States to Have Harder Time In Capping Interstate Rates

The Office of the Comptroller of the Currency has made it tougher for states to cap interest rates charged by interstate branches.

In an interpretive letter issued Tuesday, the agency said national banks must adhere only to those interest rate restrictions imposed by the state where they are headquartered, provided the bank makes at least some key lending decisions in that state. They do not have to abide by interest rate caps imposed by other states where they have branches.

"This is a huge development," said Alan S. Kaplinsky, a partner at the Philadelphia law firm Ballard, Spahr, Andrews & Ingersoll, who asked for the ruling on behalf of Huntington National Bank. "Banks have been embarking on interstate branching under a cloud."

Since the advent of interstate branching in 1994, banks have wrestled with whether branches are subject to interest rate restrictions imposed by the state where the branch is located or where the company is headquartered, he said.

His Columbus, Ohio-based client has branches in Kentucky, Florida, Indiana, Michigan, and West Virginia.

In its letter, the agency said at least one of three key lending activities must be based in the bank's home state. Those activities are approval of credit, notification of approval, and disbursal of funds.
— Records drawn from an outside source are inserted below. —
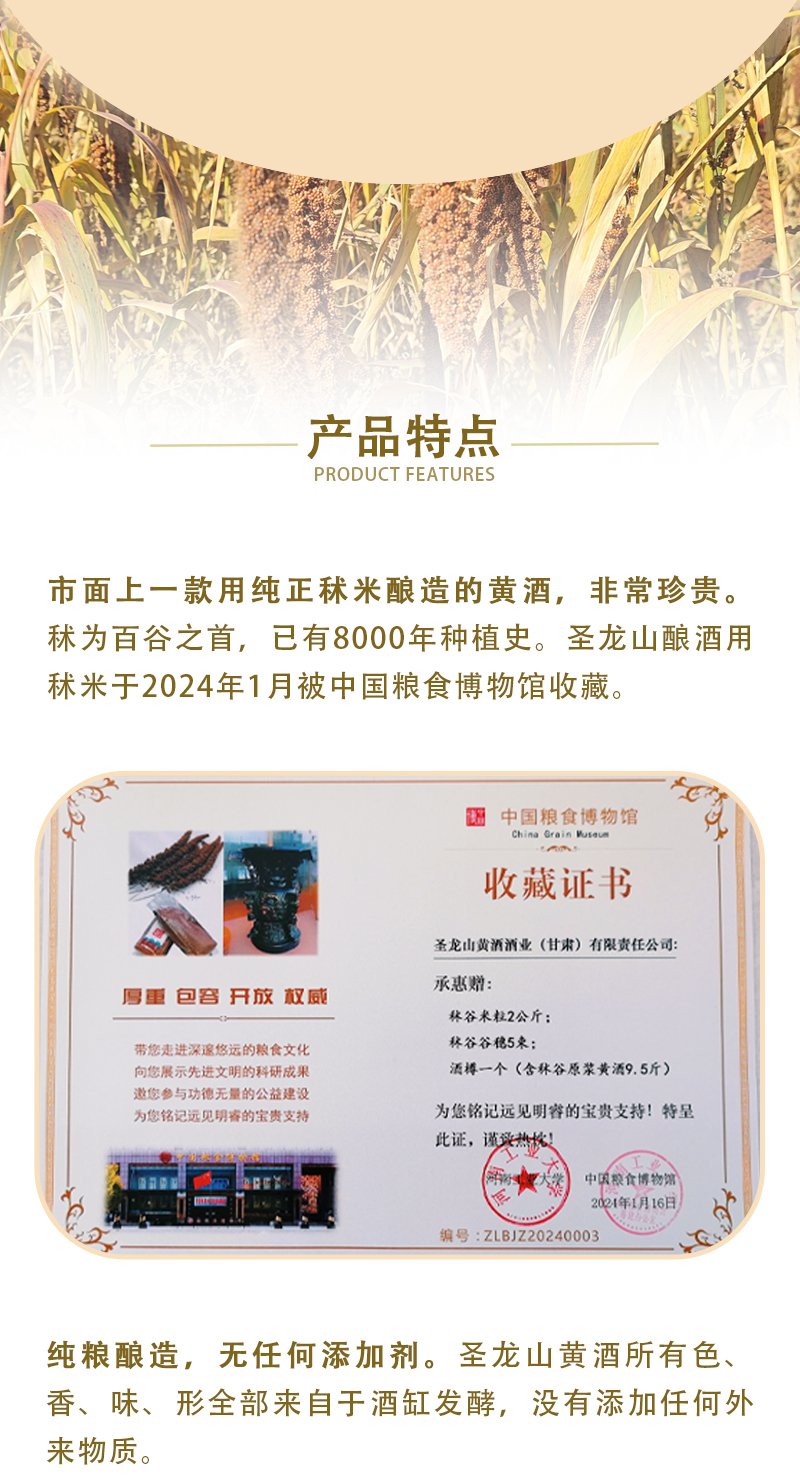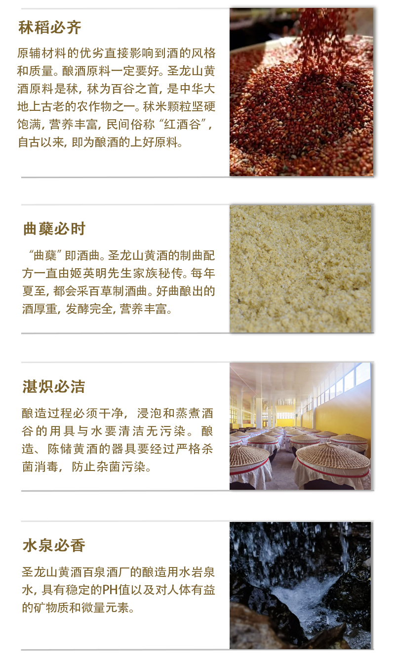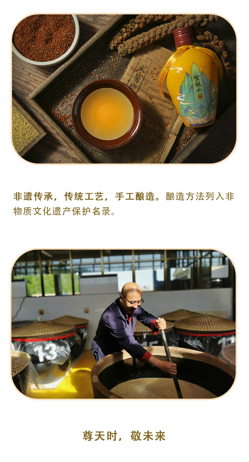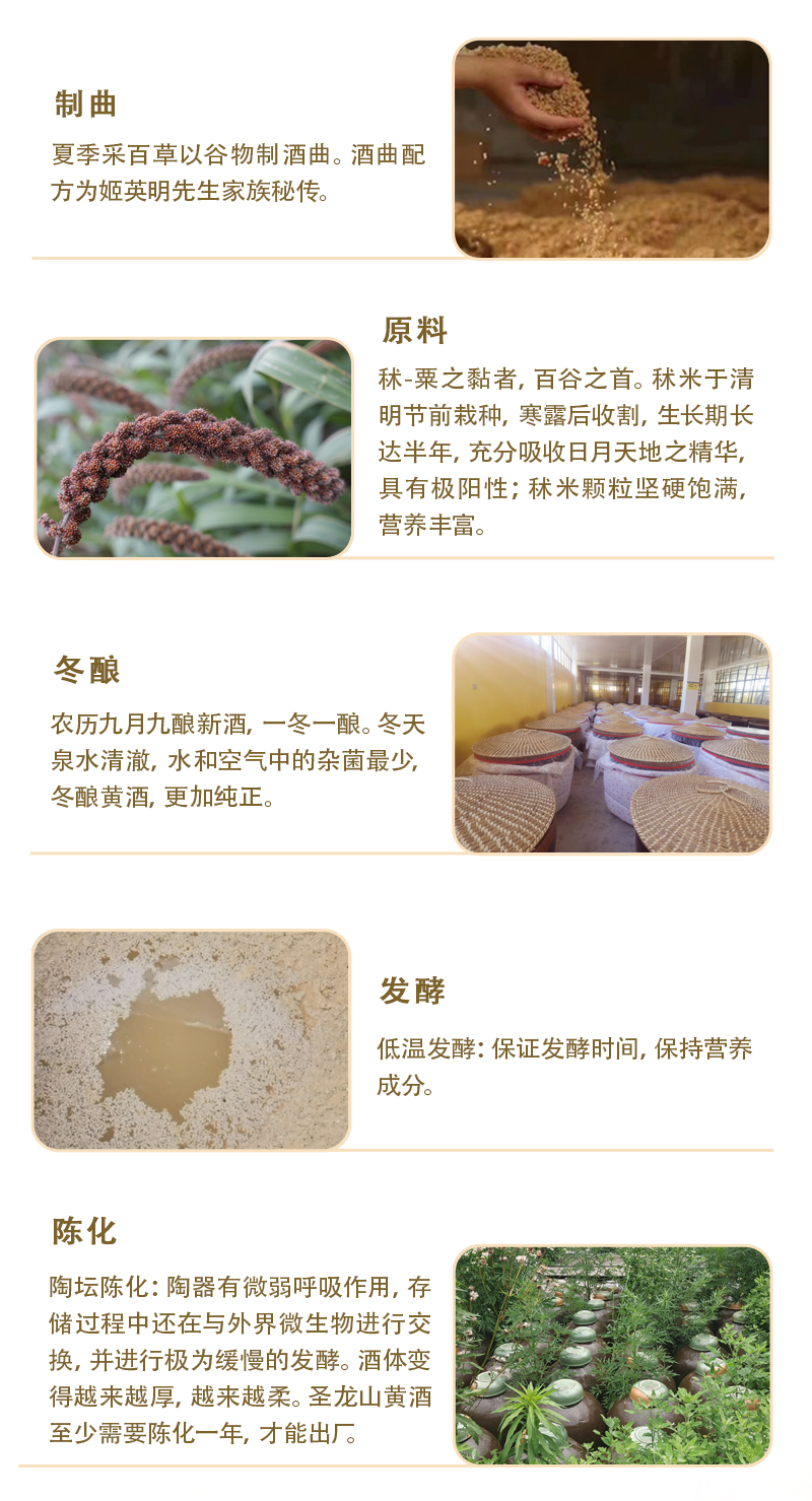 圣龙山品牌起源 用实业把濒临灭绝的华族五谷之首秫(酒谷),拯救回来! 用祖传秘制黄酒工艺,带动陇山里的农民共同富裕! 用古老的黄酒仪礼文化,把敬天法祖信仰普及开来 让华族发祥聖地,重新散发他应有的智慧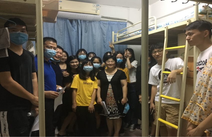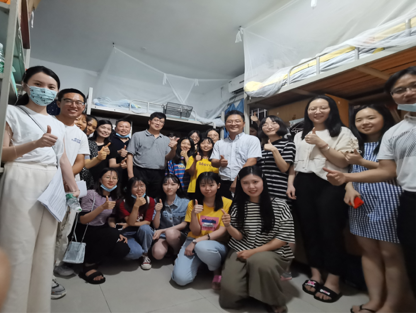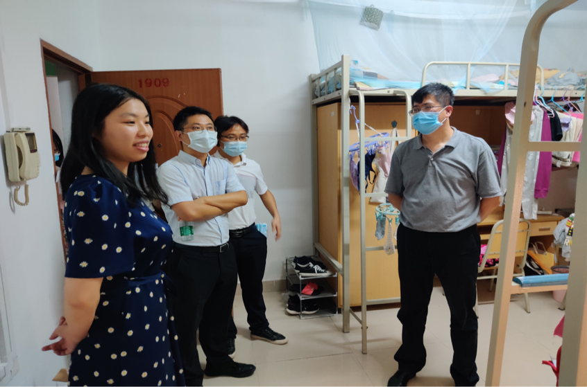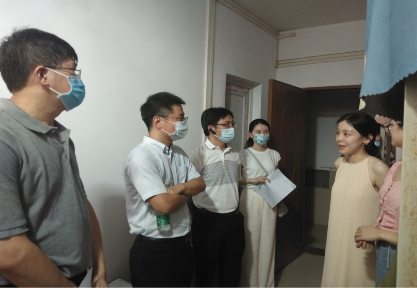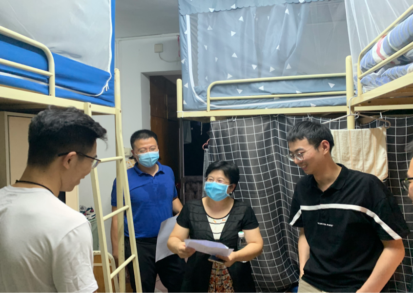 蒋海副院长、郑贤副院长、各系所负责人和老师们的小分队的走访同步进行,各自带队来到学生宿舍看望返校学生,与同学们亲切交谈,鼓励同学们克服暂时的生活不便,积极寻求老师和同学的帮助,调整好心态进行学习和研究。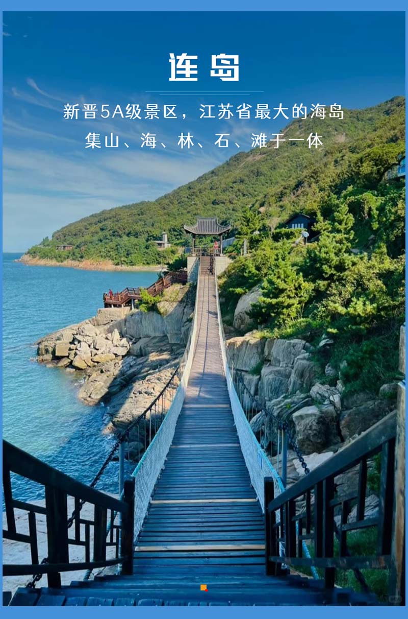 - 下午我们前往国家5A级景区、江苏最大的岛屿连岛景区进行游览。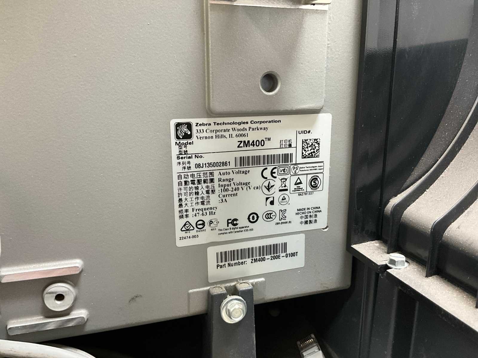 Merk: Zebra Model: Zm400

"We wanted to fill in another piece of the puzzle for banks with multistate operations," said Julie L. Williams, the OCC's general counsel. "Generally we will look to a home state's interest rate law unless you have all of the three key activities in the host state."

David Roderer, an attorney with Goodwin, Procter & Hoar, said the decision should be a boon to banks. "National banks are now free to structure their lending operations to take advantage of either a home state's or a host state's usury ceiling," he said.

But state banking officials complained the OCC made it too easy to get around interest rate restrictions.

"We are very concerned about preserving authority of host state consumer regulators," said Charles W. Phillips, director of the Indiana Department of Financial Institutions.

A host state's interest rate rules should apply any time a branch disburses cash to customers, Mr. Phillips said.

But Ms. Williams said Congress clearly provided broad authority for multistate banks to rely on the interest rules of their home states when it passed the Riegle-Neal Interstate Banking and Branching Efficiency Act of 1994. "The mere presence of a host state branch does not defeat the ability of a national bank to apply its home state's rates," she wrote in her letter.

Ms. Williams also laid out criteria for determining if the key lending decisions are made in the home state.

Loan approvals are considered located in the home state if the person responsible for making the final judgment is based in the bank's headquarters or uses a credit-scoring model developed in the bank's home state.

Notification of approval is a home state function if conducted by an official at the headquarters. A loan closing conducted at the branch after notification would not prevent a bank from using home state rates. "Congress explicitly provided that the closing of loans, as long as that did not implicate approval or disbursal, was to be considered a ministerial function," Ms. Williams said.

Finally, disbursal of funds would be considered a home state function unless it was made to the customer in person or credited to an account at the branch. Loans disbursed to escrow or title agents would be considered home state activities.